* DATA FOR THIS TASK
■ ■ ■ ■ ■

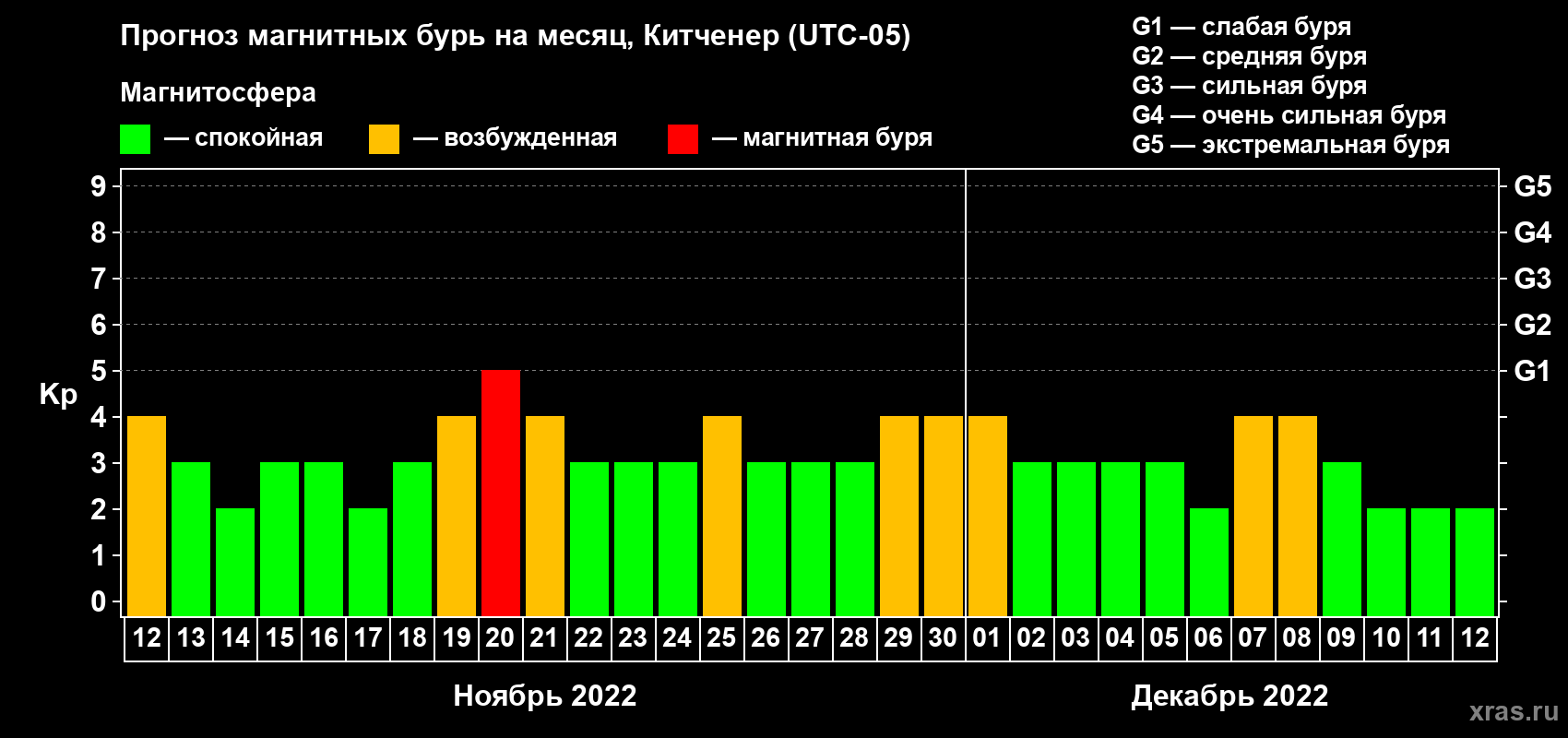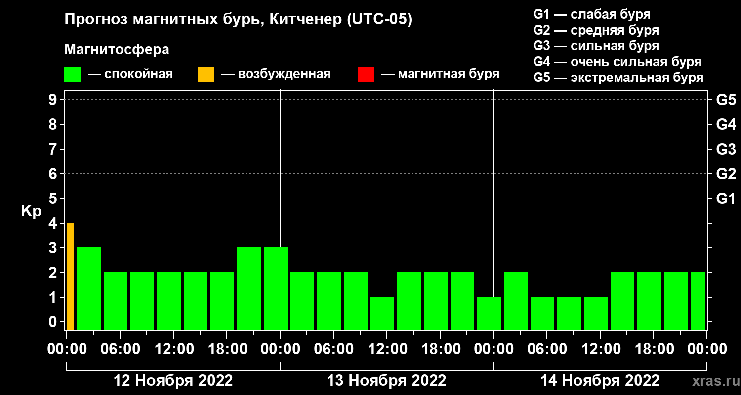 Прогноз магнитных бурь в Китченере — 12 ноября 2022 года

■ ■ ■ ■ ■

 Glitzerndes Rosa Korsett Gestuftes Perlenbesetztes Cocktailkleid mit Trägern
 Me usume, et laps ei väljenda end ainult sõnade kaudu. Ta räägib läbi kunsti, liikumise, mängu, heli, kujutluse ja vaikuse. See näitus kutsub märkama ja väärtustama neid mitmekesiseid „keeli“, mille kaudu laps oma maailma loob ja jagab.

■ ■ ■ ■ ■

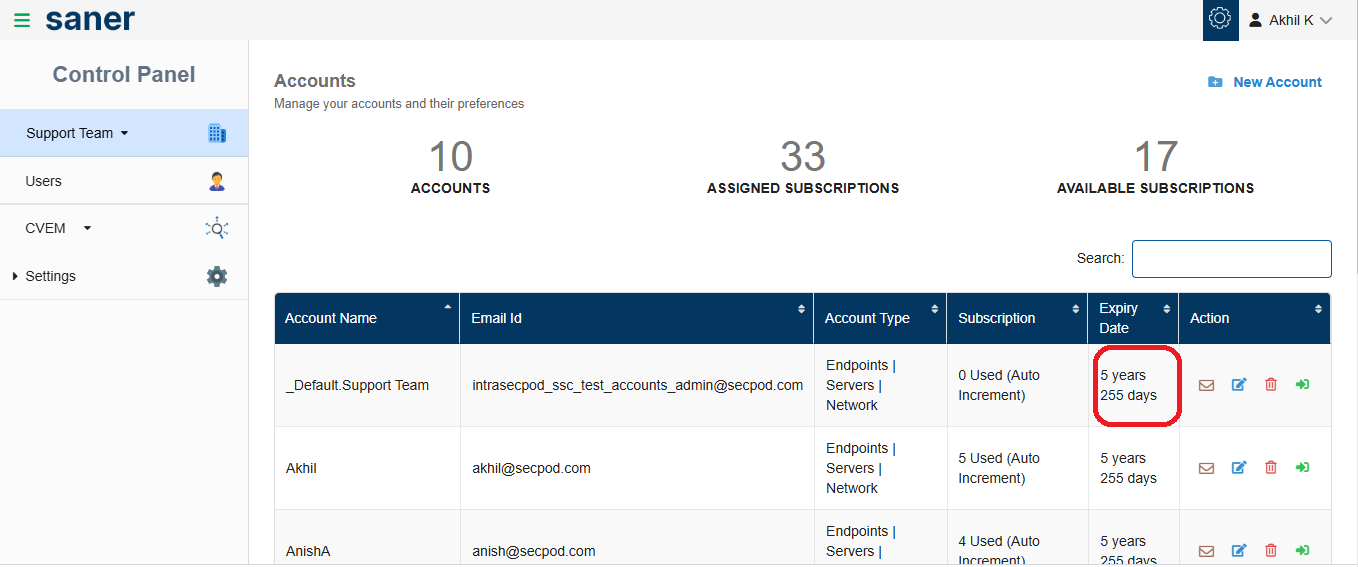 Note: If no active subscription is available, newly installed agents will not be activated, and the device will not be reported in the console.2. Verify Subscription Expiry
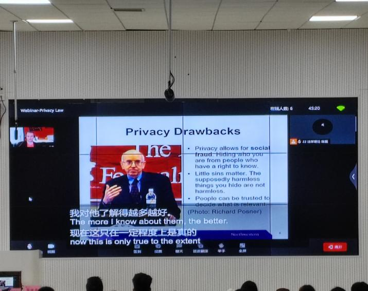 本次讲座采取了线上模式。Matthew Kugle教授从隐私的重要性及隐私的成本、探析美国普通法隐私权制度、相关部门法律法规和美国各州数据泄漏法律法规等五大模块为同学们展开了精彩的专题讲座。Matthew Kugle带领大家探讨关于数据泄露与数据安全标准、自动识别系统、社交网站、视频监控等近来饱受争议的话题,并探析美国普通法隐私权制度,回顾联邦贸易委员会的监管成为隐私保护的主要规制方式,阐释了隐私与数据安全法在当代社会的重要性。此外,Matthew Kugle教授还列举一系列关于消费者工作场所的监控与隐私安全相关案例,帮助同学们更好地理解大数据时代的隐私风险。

■ ■ ■ ■ ■

Start with the line above that contains "Glitzerndes Rosa Korsett" and stop after the line that contains "Me usume, et". Output those lines exactly, and only those.

 Glitzerndes Rosa Korsett Gestuftes Perlenbesetztes Cocktailkleid mit Trägern
 Me usume, et laps ei väljenda end ainult sõnade kaudu. Ta räägib läbi kunsti, liikumise, mängu, heli, kujutluse ja vaikuse. See näitus kutsub märkama ja väärtustama neid mitmekesiseid „keeli“, mille kaudu laps oma maailma loob ja jagab.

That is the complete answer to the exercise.